*What you need to do*.
From the data that follows, set down exactly the lines from the one with "Une étiquettecréée pour" through the one with "Se accede a", counting both. Pictures stay out.

*Records shown*.
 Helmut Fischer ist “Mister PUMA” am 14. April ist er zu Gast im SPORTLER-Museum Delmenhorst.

* * *

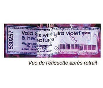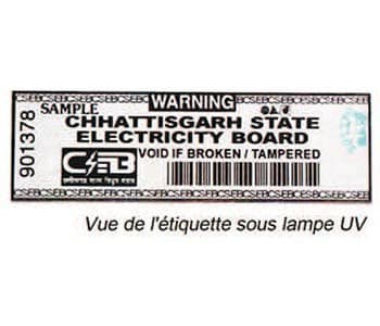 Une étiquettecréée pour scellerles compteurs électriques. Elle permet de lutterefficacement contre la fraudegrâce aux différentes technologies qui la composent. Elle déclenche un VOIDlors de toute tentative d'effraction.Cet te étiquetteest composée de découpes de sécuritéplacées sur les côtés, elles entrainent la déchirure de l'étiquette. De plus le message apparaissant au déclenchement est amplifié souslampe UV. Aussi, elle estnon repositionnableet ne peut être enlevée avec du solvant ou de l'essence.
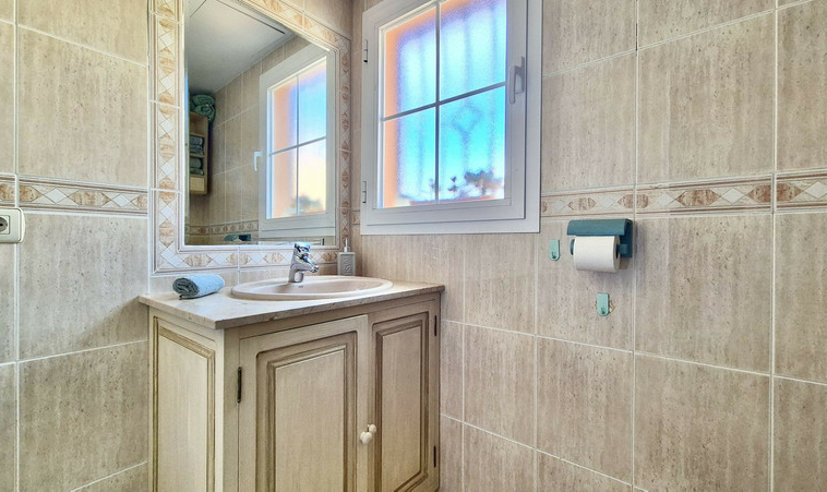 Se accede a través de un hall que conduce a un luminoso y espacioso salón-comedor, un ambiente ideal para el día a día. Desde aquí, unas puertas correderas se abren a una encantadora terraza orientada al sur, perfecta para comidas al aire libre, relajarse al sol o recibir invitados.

*Answer to the exercise*.
 Une étiquettecréée pour scellerles compteurs électriques. Elle permet de lutterefficacement contre la fraudegrâce aux différentes technologies qui la composent. Elle déclenche un VOIDlors de toute tentative d'effraction.Cet te étiquetteest composée de découpes de sécuritéplacées sur les côtés, elles entrainent la déchirure de l'étiquette. De plus le message apparaissant au déclenchement est amplifié souslampe UV. Aussi, elle estnon repositionnableet ne peut être enlevée avec du solvant ou de l'essence.
 Se accede a través de un hall que conduce a un luminoso y espacioso salón-comedor, un ambiente ideal para el día a día. Desde aquí, unas puertas correderas se abren a una encantadora terraza orientada al sur, perfecta para comidas al aire libre, relajarse al sol o recibir invitados.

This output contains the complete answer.